Was a decent show. The Snouts among us might know the groom (Matty - good mate of mine) and half of SAfooty would know the best man (Bazzer the specky redhead Port swine). Held up at Warrawong Sanctuary, the grog was of high calibre and gratis, the speeches were memorable (particularly the best man's

My peeve is this: when did wedding crowds forget how to dance?
Now I've never been the sort to dance. I never did get the "shake yer booty" disco thang. Pointless and mindless. Nevertheless, many years ago I worked with a guy who was a qualified ballroom dance instructor, and he ran extremely cheap ballroom dancing lessons. Of coourse as soon as Mrs. Pseudo found out about this, she dragged me kicking and screaming to his ballroom dance classes. And though I never wanted to be there, I have to admit that I ultimately ENJOYED the classes. So I learned how to waltz, foxtrot, and tango, and enjoyed it.

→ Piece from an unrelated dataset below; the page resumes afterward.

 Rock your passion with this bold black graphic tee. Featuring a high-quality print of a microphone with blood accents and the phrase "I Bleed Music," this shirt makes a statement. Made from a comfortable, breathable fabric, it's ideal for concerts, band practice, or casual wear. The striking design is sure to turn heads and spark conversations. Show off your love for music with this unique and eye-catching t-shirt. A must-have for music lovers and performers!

Today, I still wouldn't venture onto a dance floor to shake my booty - but I would jump onto a dance floor for a proper waltz.
Which brings me back to my peeve: when did wedding dances cease to be waltzes and other formal steps, and morph into the pseudo-disco moves?

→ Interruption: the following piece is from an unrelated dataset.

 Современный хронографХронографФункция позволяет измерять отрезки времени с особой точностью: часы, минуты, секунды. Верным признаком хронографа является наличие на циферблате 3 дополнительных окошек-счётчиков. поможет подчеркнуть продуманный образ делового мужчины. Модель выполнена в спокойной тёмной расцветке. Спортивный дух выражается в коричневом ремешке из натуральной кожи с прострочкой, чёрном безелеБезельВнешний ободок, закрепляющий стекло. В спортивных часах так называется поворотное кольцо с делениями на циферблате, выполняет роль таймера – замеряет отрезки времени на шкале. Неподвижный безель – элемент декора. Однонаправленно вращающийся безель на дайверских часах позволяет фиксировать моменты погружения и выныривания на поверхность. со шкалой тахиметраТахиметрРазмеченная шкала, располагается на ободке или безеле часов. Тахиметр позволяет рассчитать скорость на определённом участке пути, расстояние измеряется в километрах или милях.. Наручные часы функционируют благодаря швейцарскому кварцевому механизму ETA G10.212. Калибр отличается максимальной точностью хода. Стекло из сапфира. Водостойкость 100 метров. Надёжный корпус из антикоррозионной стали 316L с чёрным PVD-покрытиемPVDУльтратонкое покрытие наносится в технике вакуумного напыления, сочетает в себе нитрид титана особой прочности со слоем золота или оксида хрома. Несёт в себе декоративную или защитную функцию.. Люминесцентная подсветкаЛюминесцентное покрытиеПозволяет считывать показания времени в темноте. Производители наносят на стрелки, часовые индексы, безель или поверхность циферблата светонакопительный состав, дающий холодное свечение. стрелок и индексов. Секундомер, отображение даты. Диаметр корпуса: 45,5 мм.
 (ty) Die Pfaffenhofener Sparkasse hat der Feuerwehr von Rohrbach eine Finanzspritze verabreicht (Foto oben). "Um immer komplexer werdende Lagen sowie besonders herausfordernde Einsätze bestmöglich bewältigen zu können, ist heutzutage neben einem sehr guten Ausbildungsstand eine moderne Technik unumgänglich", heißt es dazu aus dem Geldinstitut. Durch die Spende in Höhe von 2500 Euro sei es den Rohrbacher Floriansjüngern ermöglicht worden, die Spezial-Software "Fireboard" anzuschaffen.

Tonight we had disco, we had current popular music, we had the sort of sh!t that the ladies all do group formation dances to (Aretha Franklin, Blues Brothers, Madison, etc) but was there so much as ONE proper waltz?
When did the bridal waltz devolve from a proper three-step dance into a back-and-forth shuffle to an arbitrary slow-beat pop song?
I'd have gone to the DJ and requested a proper waltz tune like Strauss's Blue Danube, but I know from experience that the DJ would simply have stared at me, slack jawed, knowing not what I had asked about. So really why bother. All one can do is slink in the shadows, watching the nouveau-trendy jump back-and-forth in a vague rhythm to some mondo-popular pop tune, thoroughly ignorant of the joys of a proper waltz in the arms of a partner that one holds in esteem.
Forphuxsake, even the common party dances are unheard of: do you think anyone in the room could perform a simple conga line? Hell no: An invitation to grab someone's hips is evidently an invitation to shuffle forward, left right left right to the vague beat of some current pop song. Little wonder that a simple foxtrot is beyond these heathens.
And so here I am, back at home, reclining in bed with the laptop on and typing my thoughts, Parts of Tchaikovsky's Nutcracker running through my head, and lamenting the fact that no bugger knows how to enjoy it properly anymore.
And yeah, I've drunk way too much and I'm rambling. Sod you all and goodnight.